• EXERCISE PROMPT: Starting with the line that holds "Полный Комплект Тактический" and stopping after the line that holds "但如果我们用脚的外侧传球,我们就能立刻传球给队友。", repeat the lines below word for word, without the pictures.

• RECORDS FOR THE TASK:
=== Section Start ===
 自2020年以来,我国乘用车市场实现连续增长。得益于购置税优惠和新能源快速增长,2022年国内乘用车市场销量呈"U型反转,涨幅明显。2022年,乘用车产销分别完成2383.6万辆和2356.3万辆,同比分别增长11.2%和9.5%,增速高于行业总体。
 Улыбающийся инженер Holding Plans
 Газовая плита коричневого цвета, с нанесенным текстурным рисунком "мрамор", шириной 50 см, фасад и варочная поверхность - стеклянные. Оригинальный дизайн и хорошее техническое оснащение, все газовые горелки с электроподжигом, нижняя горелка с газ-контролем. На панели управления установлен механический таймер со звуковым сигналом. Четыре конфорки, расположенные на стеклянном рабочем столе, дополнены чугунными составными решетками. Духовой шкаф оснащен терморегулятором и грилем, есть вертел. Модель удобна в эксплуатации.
=== Section End ===
=== Section Start ===
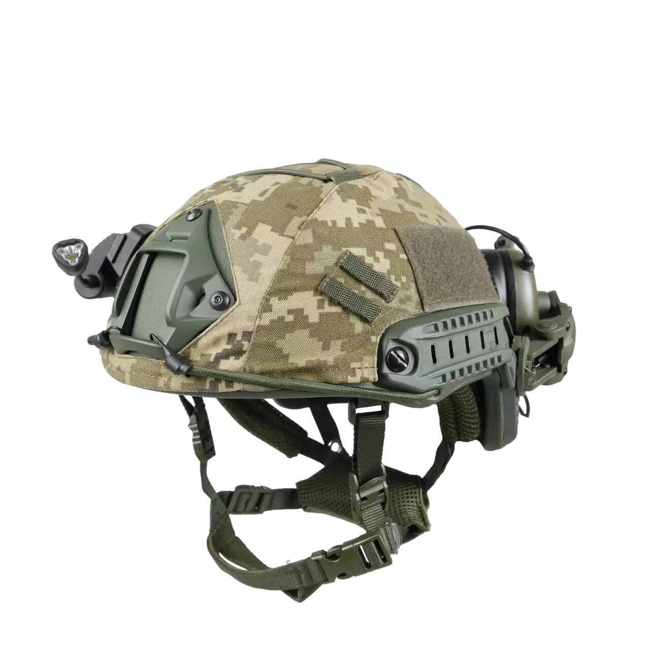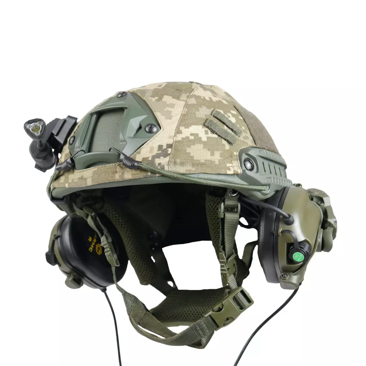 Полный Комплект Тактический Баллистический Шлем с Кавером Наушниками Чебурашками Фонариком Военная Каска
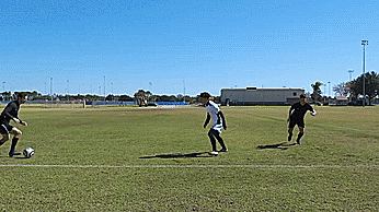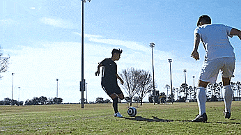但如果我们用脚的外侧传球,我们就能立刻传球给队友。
=== Section End ===
• TASK RESPONSE:
 Полный Комплект Тактический Баллистический Шлем с Кавером Наушниками Чебурашками Фонариком Военная Каска
但如果我们用脚的外侧传球,我们就能立刻传球给队友。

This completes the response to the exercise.